[Extracted data entries]
- - - -

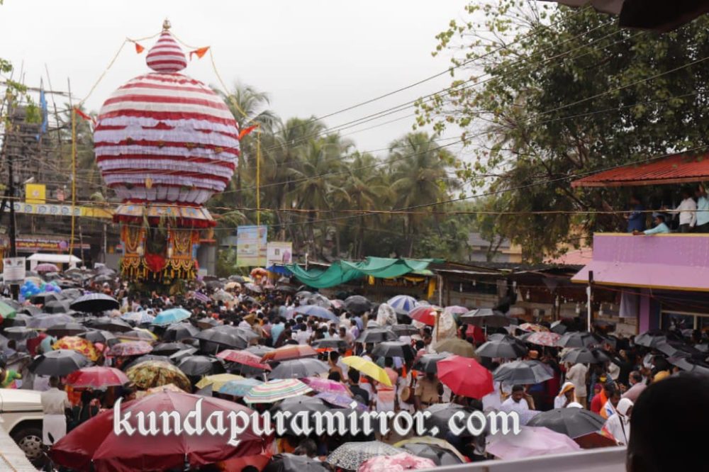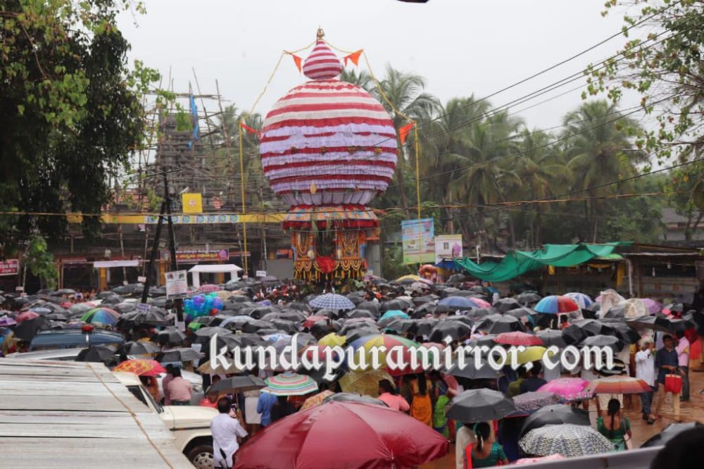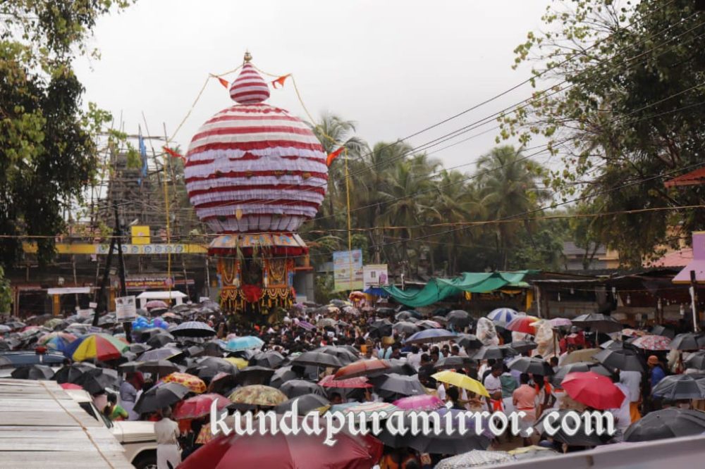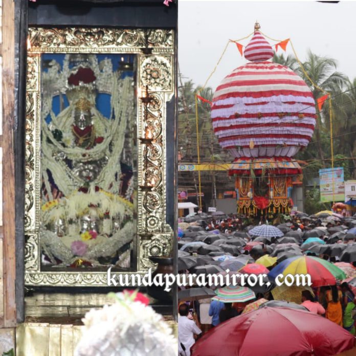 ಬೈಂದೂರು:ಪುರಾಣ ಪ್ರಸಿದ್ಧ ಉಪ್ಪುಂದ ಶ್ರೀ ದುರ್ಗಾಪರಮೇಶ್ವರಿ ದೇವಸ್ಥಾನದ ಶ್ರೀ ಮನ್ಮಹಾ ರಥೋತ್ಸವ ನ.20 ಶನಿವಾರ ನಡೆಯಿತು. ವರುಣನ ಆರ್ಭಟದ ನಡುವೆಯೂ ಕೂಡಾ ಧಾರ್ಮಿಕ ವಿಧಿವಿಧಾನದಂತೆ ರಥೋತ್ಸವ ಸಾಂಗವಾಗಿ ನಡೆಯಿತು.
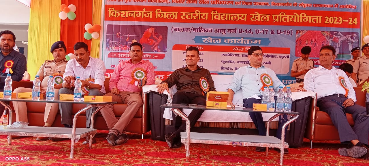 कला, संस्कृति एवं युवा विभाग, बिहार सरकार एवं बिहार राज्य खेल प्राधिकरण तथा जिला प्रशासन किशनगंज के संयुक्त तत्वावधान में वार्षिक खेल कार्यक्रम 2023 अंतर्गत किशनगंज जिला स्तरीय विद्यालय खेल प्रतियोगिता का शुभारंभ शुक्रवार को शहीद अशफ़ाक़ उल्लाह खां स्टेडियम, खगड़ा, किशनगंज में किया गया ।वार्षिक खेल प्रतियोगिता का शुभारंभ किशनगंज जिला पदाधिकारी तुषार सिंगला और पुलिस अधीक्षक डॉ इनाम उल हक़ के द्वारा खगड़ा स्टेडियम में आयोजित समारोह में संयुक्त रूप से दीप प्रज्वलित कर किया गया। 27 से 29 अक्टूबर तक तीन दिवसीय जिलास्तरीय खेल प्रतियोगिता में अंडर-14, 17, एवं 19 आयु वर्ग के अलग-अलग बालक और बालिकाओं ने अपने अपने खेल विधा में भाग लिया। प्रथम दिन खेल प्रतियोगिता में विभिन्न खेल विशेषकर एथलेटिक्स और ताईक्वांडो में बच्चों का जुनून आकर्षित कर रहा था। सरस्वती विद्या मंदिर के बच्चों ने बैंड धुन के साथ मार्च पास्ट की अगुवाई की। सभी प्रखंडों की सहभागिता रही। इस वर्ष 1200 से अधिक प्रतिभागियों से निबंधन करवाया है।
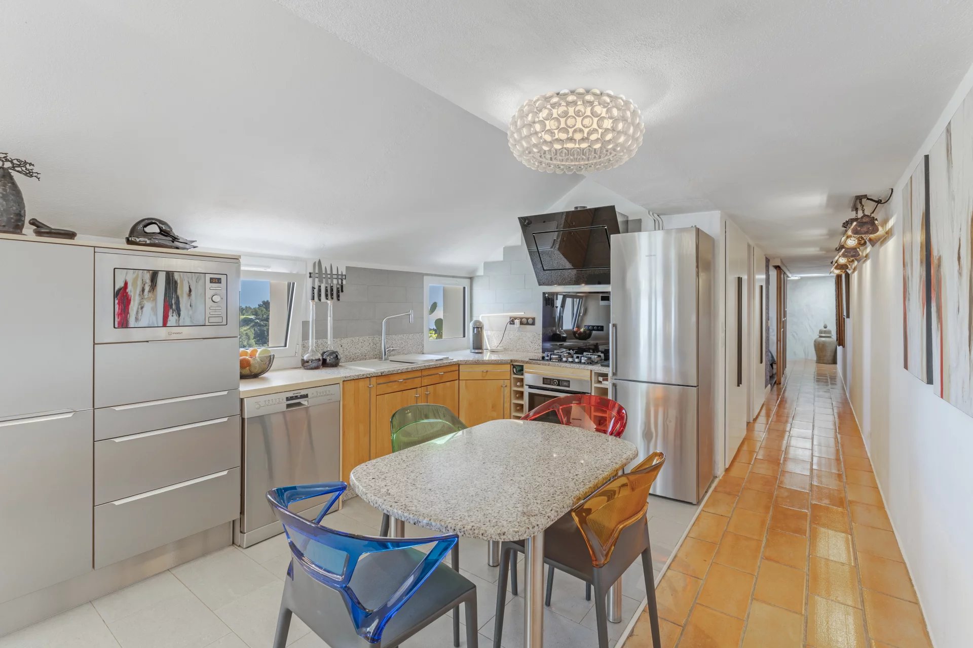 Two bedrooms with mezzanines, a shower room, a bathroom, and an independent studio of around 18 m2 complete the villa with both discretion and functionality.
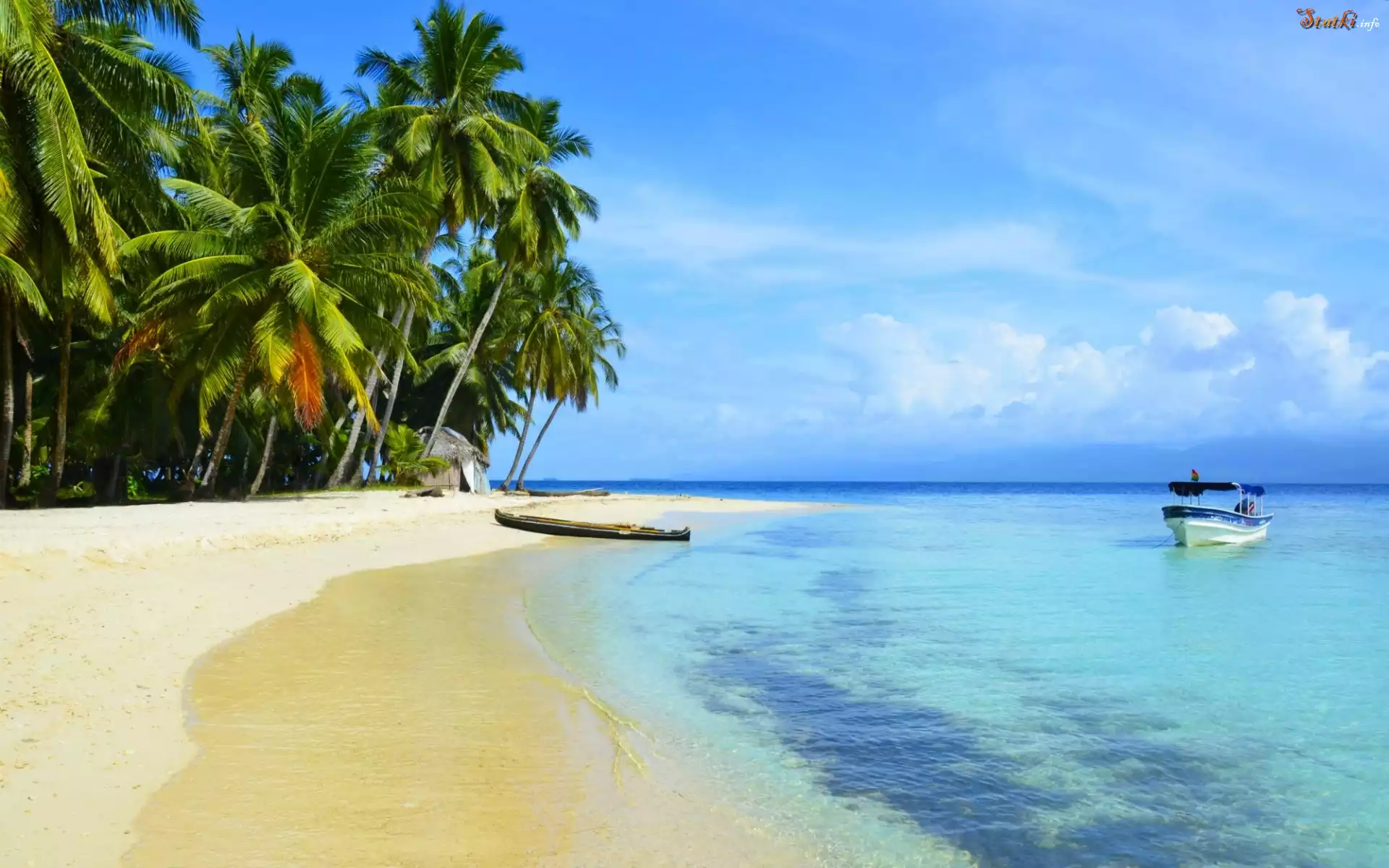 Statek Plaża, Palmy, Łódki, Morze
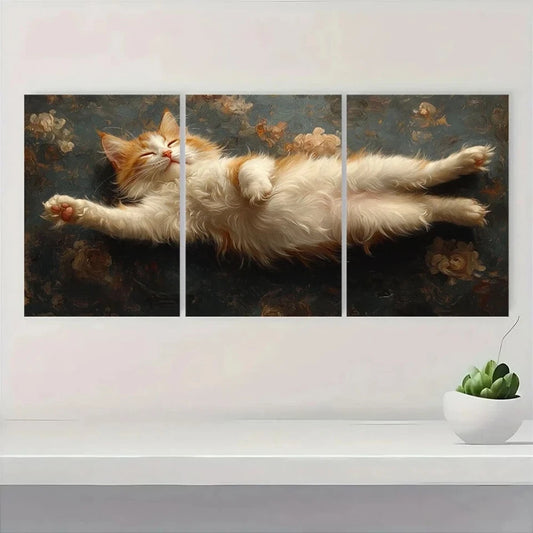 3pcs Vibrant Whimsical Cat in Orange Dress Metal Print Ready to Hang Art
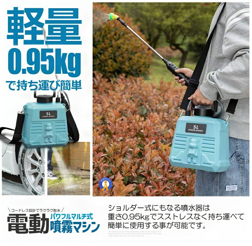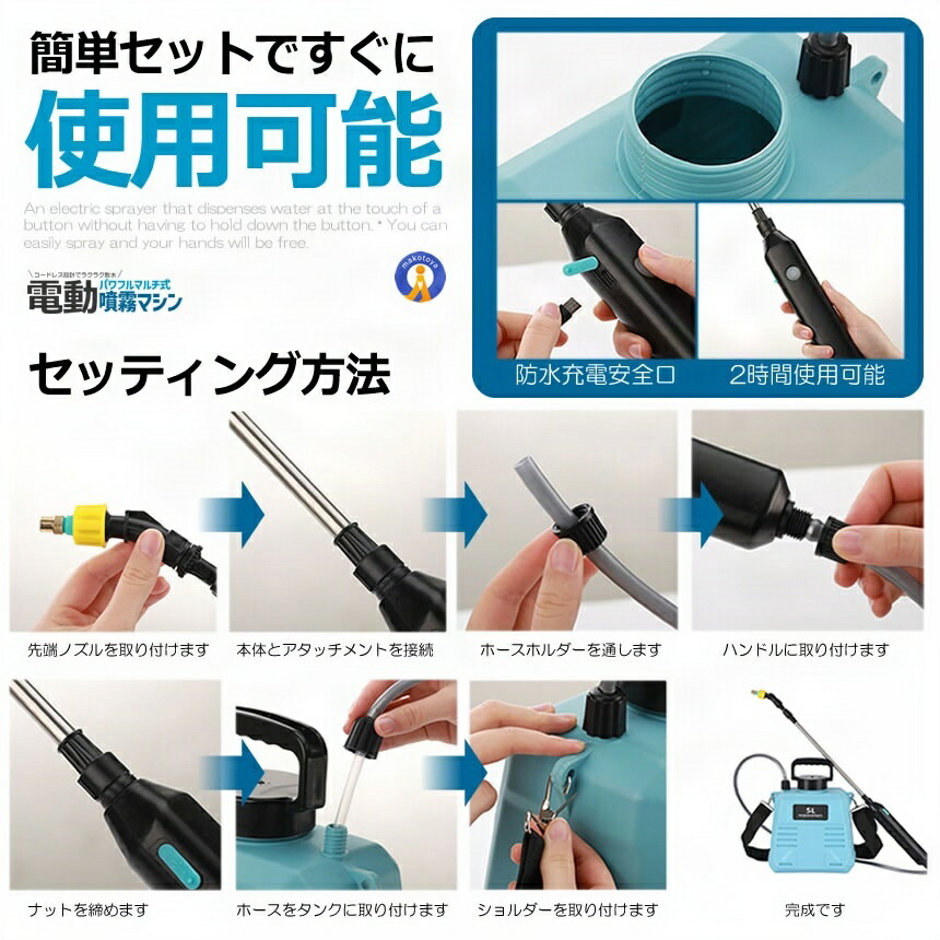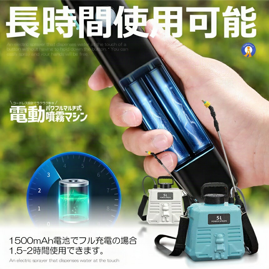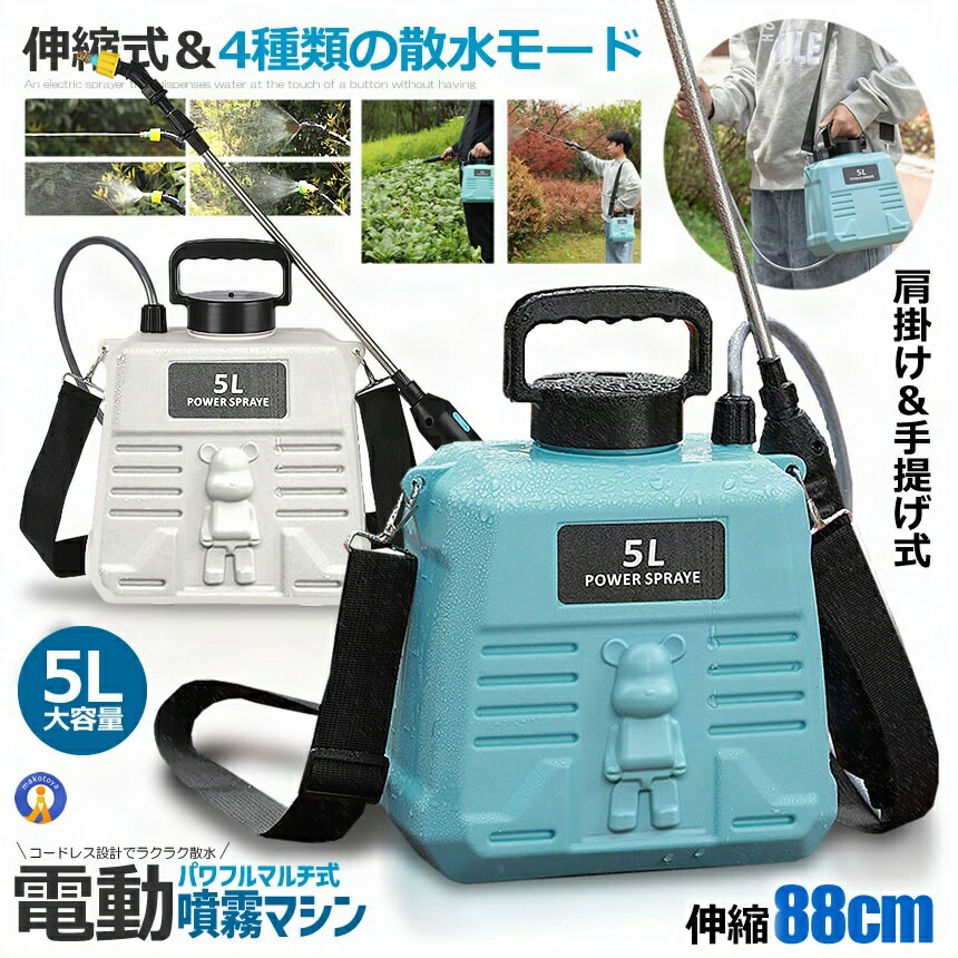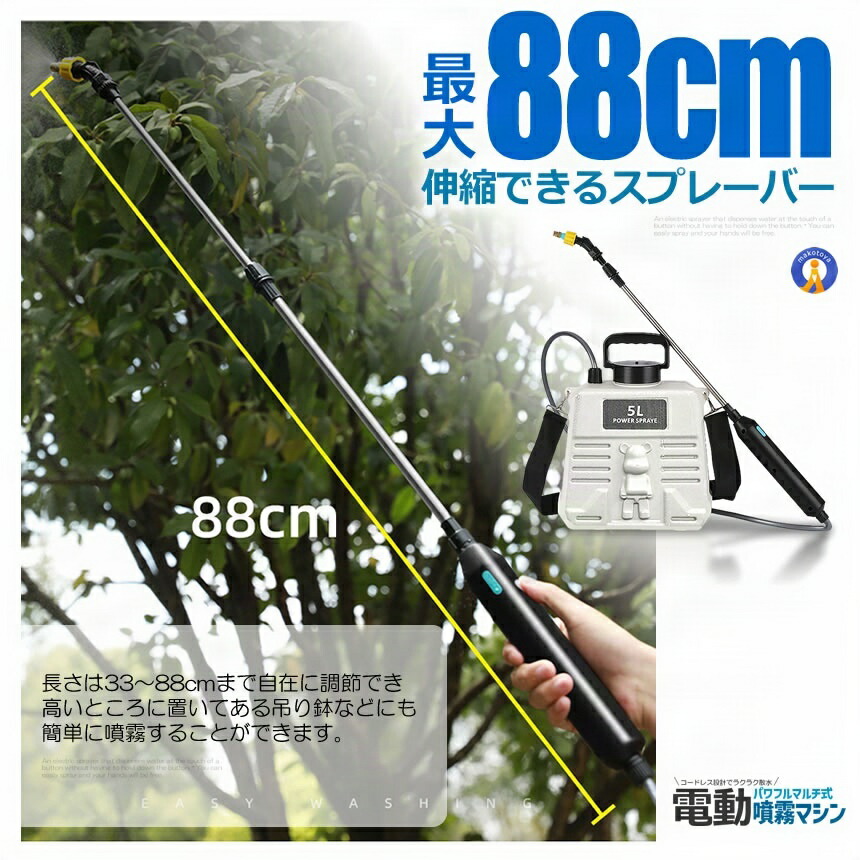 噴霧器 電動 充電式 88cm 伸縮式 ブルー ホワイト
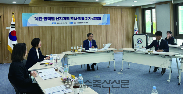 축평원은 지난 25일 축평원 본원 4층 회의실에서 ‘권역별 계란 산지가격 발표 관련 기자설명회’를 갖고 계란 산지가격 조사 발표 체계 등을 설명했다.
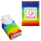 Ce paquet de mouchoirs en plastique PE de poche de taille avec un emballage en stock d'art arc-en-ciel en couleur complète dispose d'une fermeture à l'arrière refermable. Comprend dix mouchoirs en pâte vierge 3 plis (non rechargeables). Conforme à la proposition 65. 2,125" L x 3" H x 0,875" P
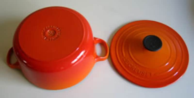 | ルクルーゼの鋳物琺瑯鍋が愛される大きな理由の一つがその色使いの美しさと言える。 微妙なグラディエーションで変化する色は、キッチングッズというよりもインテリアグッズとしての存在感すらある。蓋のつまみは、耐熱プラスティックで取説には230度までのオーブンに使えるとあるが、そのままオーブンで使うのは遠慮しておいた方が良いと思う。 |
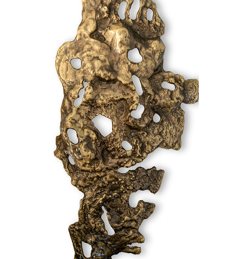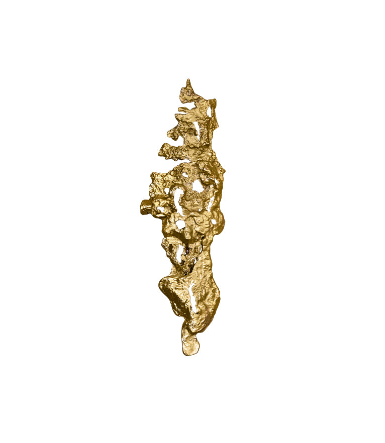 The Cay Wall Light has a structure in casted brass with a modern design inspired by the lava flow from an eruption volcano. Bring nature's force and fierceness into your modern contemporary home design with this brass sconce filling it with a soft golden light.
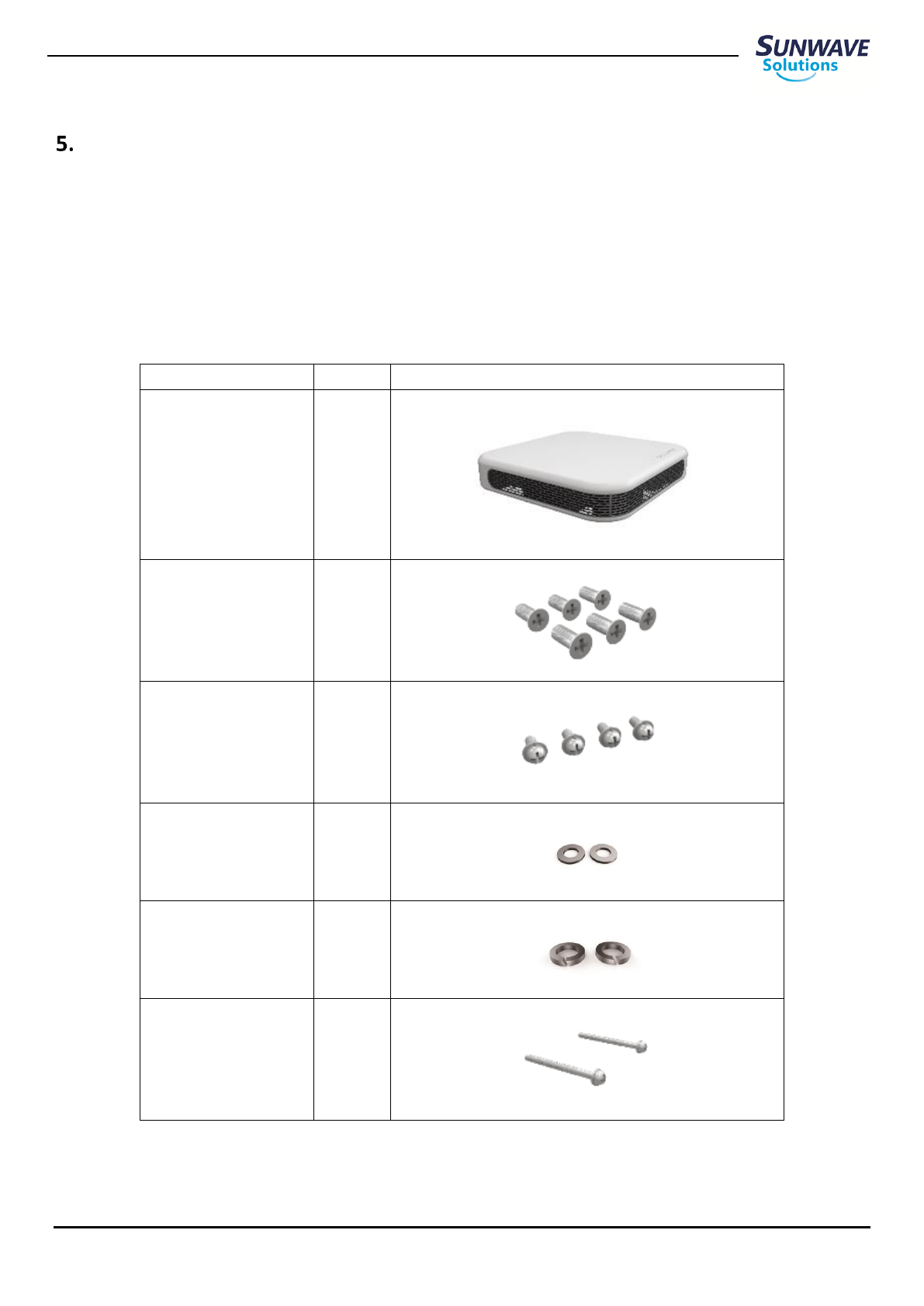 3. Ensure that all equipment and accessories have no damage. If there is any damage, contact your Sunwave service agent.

- - - -

*Problem to solve*
Go down the entries above from the line containing "噴霧器 電動 充電式 88cm 伸縮式 ブルー ホワイト" to the line containing "축평원은 지난 25일" and write out each line exactly, leaving pictures out.

*Task output*
 噴霧器 電動 充電式 88cm 伸縮式 ブルー ホワイト
 축평원은 지난 25일 축평원 본원 4층 회의실에서 ‘권역별 계란 산지가격 발표 관련 기자설명회’를 갖고 계란 산지가격 조사 발표 체계 등을 설명했다.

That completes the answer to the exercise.